#### [PROBLEM TO WORK ON]
Output the whole listing below exactly, omitting the images.

#### [DATASET CONTENT]
........
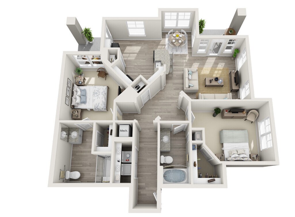 2 Beds, 2 Baths, 1086 sq ftModel Gallery
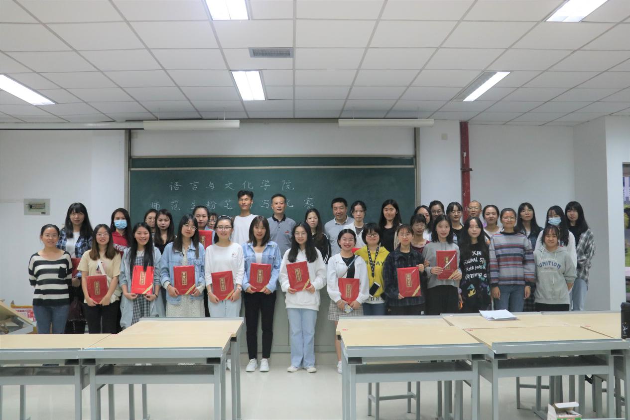 为加强师范生三笔字训练,切实提升员工书写技能水平,公司先后于2020年10月17日和10月24日成功举办师范生粉笔字书写、硬笔书法比赛。按照比赛方案,参赛选手经过初赛、复赛、决赛,并经由评委老师们认真初评、复评、终评,分别评出:粉笔字组一等奖3名、二等奖7名、三等奖8名、优秀组织奖2个班级;硬笔组一等奖4名、二等奖8名、三等奖12名、优秀组织奖3个班级。赵峰经理、黄荣生副经理等为获奖员工和班级颁发奖状和奖品。近年来,语言与文化公司十分重视师范生教师职业技能培养,通过多种方式和途径对员工进行有计划、多层次训练,成效明显,成绩突出。
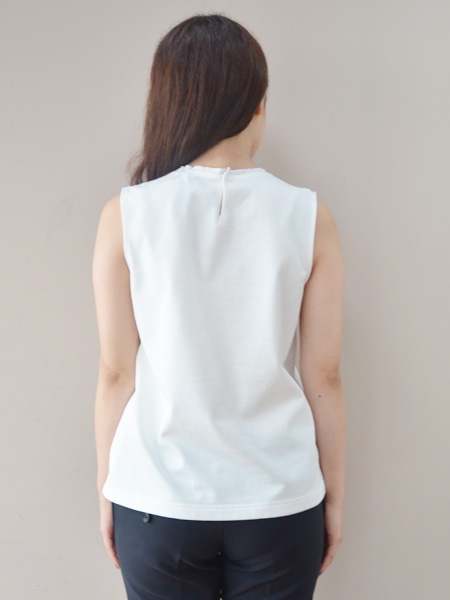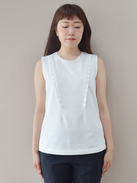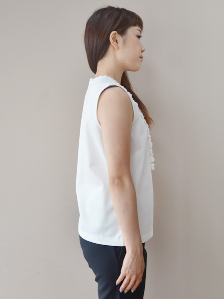 near.nipponからざっくりとしたカットソー地に、フリンジをあしらったノースリーブトップスです。ショルダーから斜めラインに走るフリンジ、上半身をすっきりと見せてくれる効果ありです。襟ぐりも程よい空きのラウンド。 カジュアルなノースリーブですが、全体的に上品な仕上がりになっています。
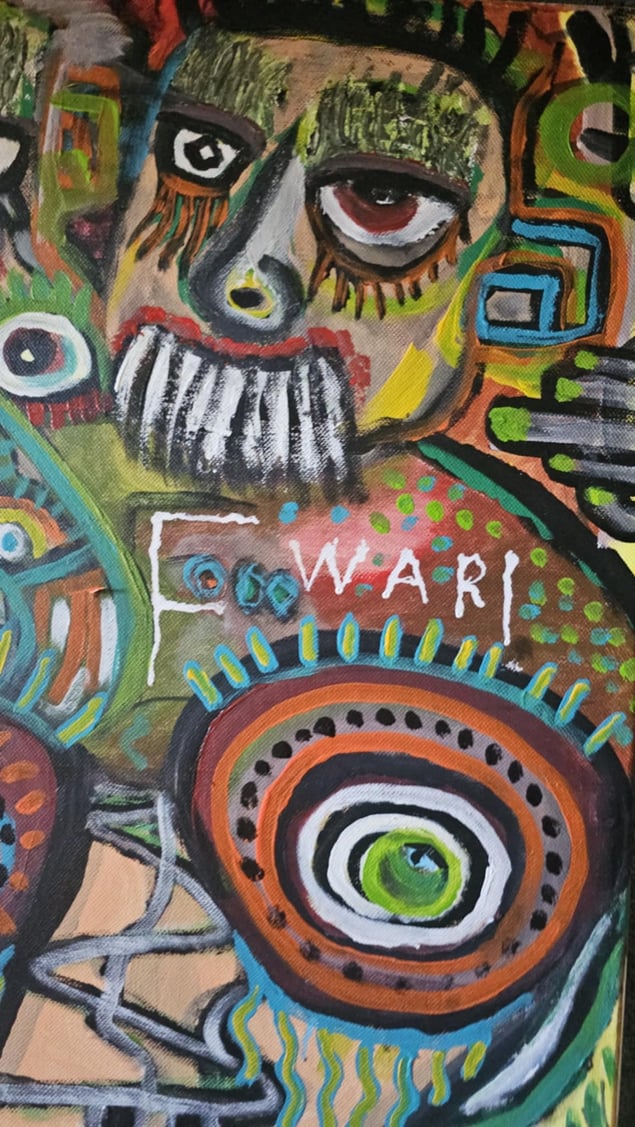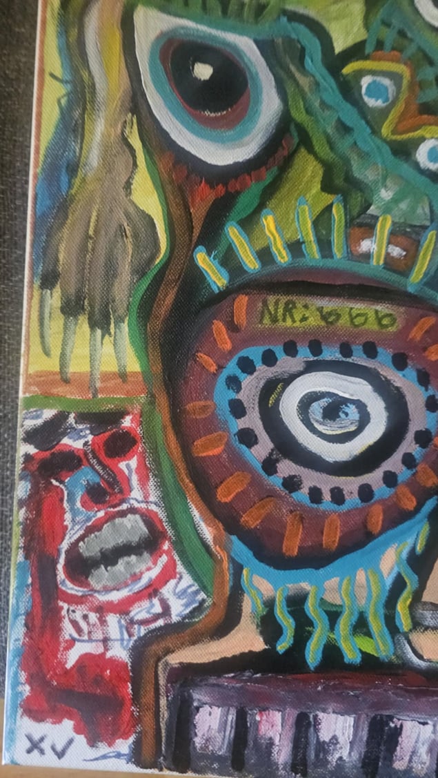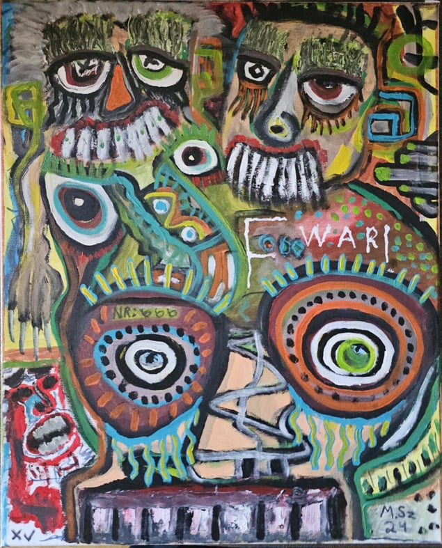 This one is painted on a 50x60 cm canvas with Acrylics, Pro-Markers and Posca pens. The message is clear but I don't think my mind was, "Fuck war!". This one is from 2024 so it's abit older.
........
#### [ANSWER AREA]
 2 Beds, 2 Baths, 1086 sq ftModel Gallery
 为加强师范生三笔字训练,切实提升员工书写技能水平,公司先后于2020年10月17日和10月24日成功举办师范生粉笔字书写、硬笔书法比赛。按照比赛方案,参赛选手经过初赛、复赛、决赛,并经由评委老师们认真初评、复评、终评,分别评出:粉笔字组一等奖3名、二等奖7名、三等奖8名、优秀组织奖2个班级;硬笔组一等奖4名、二等奖8名、三等奖12名、优秀组织奖3个班级。赵峰经理、黄荣生副经理等为获奖员工和班级颁发奖状和奖品。近年来,语言与文化公司十分重视师范生教师职业技能培养,通过多种方式和途径对员工进行有计划、多层次训练,成效明显,成绩突出。
 near.nipponからざっくりとしたカットソー地に、フリンジをあしらったノースリーブトップスです。ショルダーから斜めラインに走るフリンジ、上半身をすっきりと見せてくれる効果ありです。襟ぐりも程よい空きのラウンド。 カジュアルなノースリーブですが、全体的に上品な仕上がりになっています。
 This one is painted on a 50x60 cm canvas with Acrylics, Pro-Markers and Posca pens. The message is clear but I don't think my mind was, "Fuck war!". This one is from 2024 so it's abit older.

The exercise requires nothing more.